Но Вадим, младше своих братьев чуть ли не на десять лет, пошел в деда и, в отличие от них и родителей, любил бывать на хуторе. И, конечно, ему была известна история вражды между хутором и деревней. Знал он и то, как и за что репрессировали людей из Смоленска. Дед Максим много об этом рассказывал, часто вспоминал отца, так и не смирившегося с приговором, и мать, которая не смогла привыкнуть к лагерной жизни. Они оба погибли в войну, но до последнего конца вспоминали Смоленский край, свою родину, свою улицу, дом, друзей.

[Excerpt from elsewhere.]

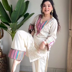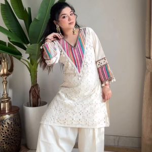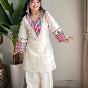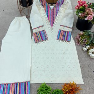 Pure Khadi Cotton With schiffli Work with Thread WorkTop Length:38-40
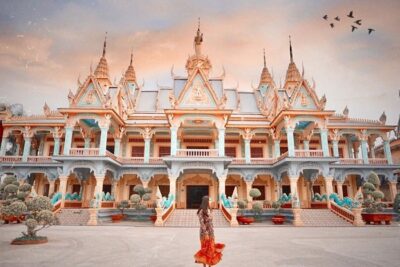 08h00: Đoàn khởi hành đi Cà Mau, trên đường ghé Sóc Trăng tham quan: Chùa Bôtum Vong Sa Som Rong (còn gọi là Chùa Wath Som Rong) – là nơi đang hot nhất Sóc Trăng trên MXH facebook, mang hơi hướng kiến trúc chùa cổ của người Khmer, mới nhìn sơ qua có thể nhiều người nhầm lẫn với các ngôi chùa của Thái Lan.

Может быть, поэтому на хуторе они держались особняком, не пуская чужаков. Может быть, таким образом хотели сохранить ту атмосферу, тот уклад и порядок, которые привычны им. К тому же их связывала одна беда, одно клеймо — враги народа. И как к врагам народа к ним и относились. Они чурались деревенских, а те при встрече не упускали случая оскорбить, унизить. Их можно было обворовать и избить, но вряд ли кто понес бы за это наказание. Женщины с хутора никогда не ходили в лес одни, опасаясь наткнуться на местных мужиков, которых притягивал хутор, особенно после рюмки-другой. Случалось, мужики приставали к женщинам, домогались их. Однажды произошла трагедия. Юную девушку нашли утонувшей в реке. Свидетелей не было, да никто и не собирался разбираться в случившемся. Власть была на стороне Старых Дорог. Она порождала бессильную ярость и ненависть. А людям с хутора хотелось, чтобы их оставили в покое, дали возможность просто жить.

— Расскажи мне о нем! — попросила Мира.

— Давай мы хотя бы сядем за стол. Вот и самовар уже закипел! — сказал Вадим и улыбнулся. — Какой ты любишь чай? Есть зеленый и еще черный с какими-то цветами…

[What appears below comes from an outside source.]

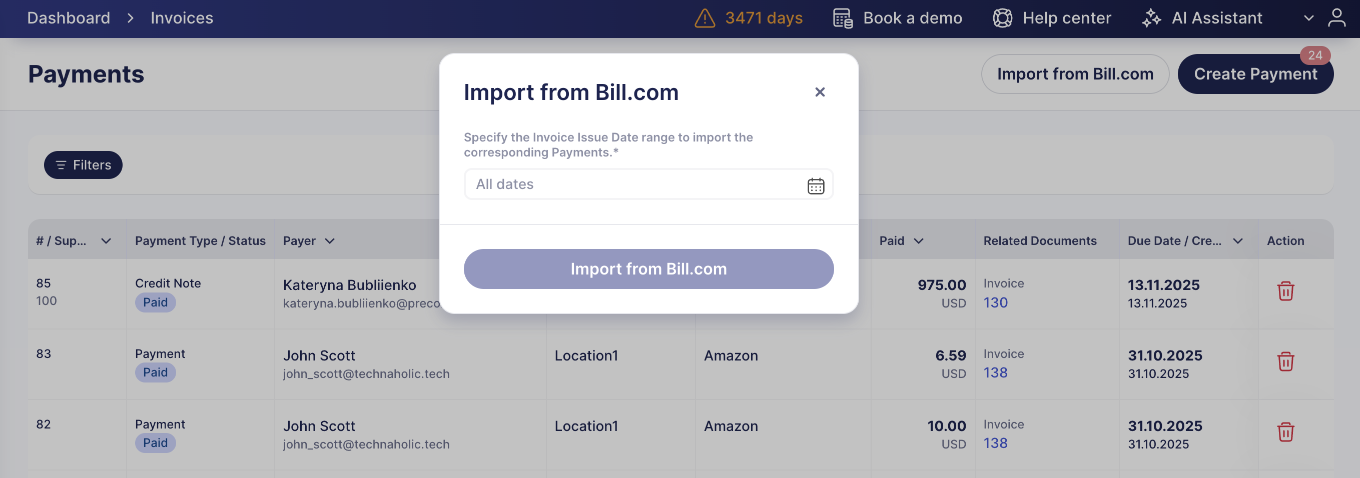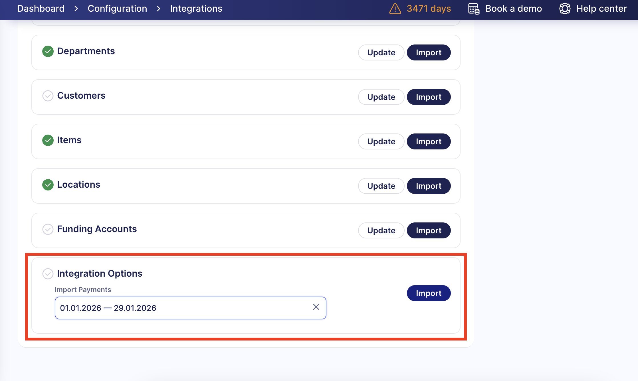 All payments for the integrated invoices will be imported, and you’ll see the number of added payments in a flash message.

Мира отошла от рамки с фотографиями и уселась за стол, пододвигая к себе чашку, наполненную кипятком.

— Я буду черный! — сказала она.

Вадим подлил ей заварки, придвинул сахарницу и тоже сел за стол.

Воцарилось молчание. Вадим, опустив глаза, сосредоточенно помешивал ложкой чай, а Мира не сводила с него глаз.

— Дед был замечательным человеком! — заговорил наконец он, отрывая взгляд от чашки. — Настоящим мужчиной. Героем. Я люблю и уважаю своих родителей, но дед… Он с самого детства был для меня по-настоящему близким человеком. Я гордился им. Он ведь был всего лишь шестнадцатилетним пареньком, когда началась война и его в сорок первом призвали на фронт, а вернулся поседевшим двадцатилетним мужчиной. Он пришел на хутор, но вместо хутора попал на пепелище. Построив на опушке землянку, вместе со всей послевоенной страной терпел голод и холод. Валяя в лесу деревья, со временем построил бревенчатую времянку с печкой-буржуйкой. Охотясь в лесу, собирая грибы и ягоды, разработал небольшой участок земли, засеял ее пшеницей. Он мечтал построить дом, жениться, родить детей, завести хозяйство… Одиночество хутора угнетало его… — Вадим замолчал и отхлебнул чаю.

Мира, затаив дыхание, смотрела на него и ждала продолжения.

Он не стал рассказывать девушке, как однажды, в суровую зиму, когда с едой было особенно худо, дед Максим отправился в деревню, постучал в первую попавшуюся хату и попросил немного пшеницы… В ответ услышал отборную брань, приправленную криками, оскорблениями и проклятиями. До конца дней своих дед Максим не мог забыть глаз молодой женщины, полыхнувших огнем ненависти. Она смотрела на него так, как будто это он виноват во всех ее несчастьях и бедах. Как будто он не пострадал вместе с остальными. Он ведь был таким же, как они. Вырос на этой земле и не помнил другой жизни, которую знали его родители в Смоленске. И, сражаясь с фашистами за эту землю, искупил грехи отцов, если таковые на самом деле имелись.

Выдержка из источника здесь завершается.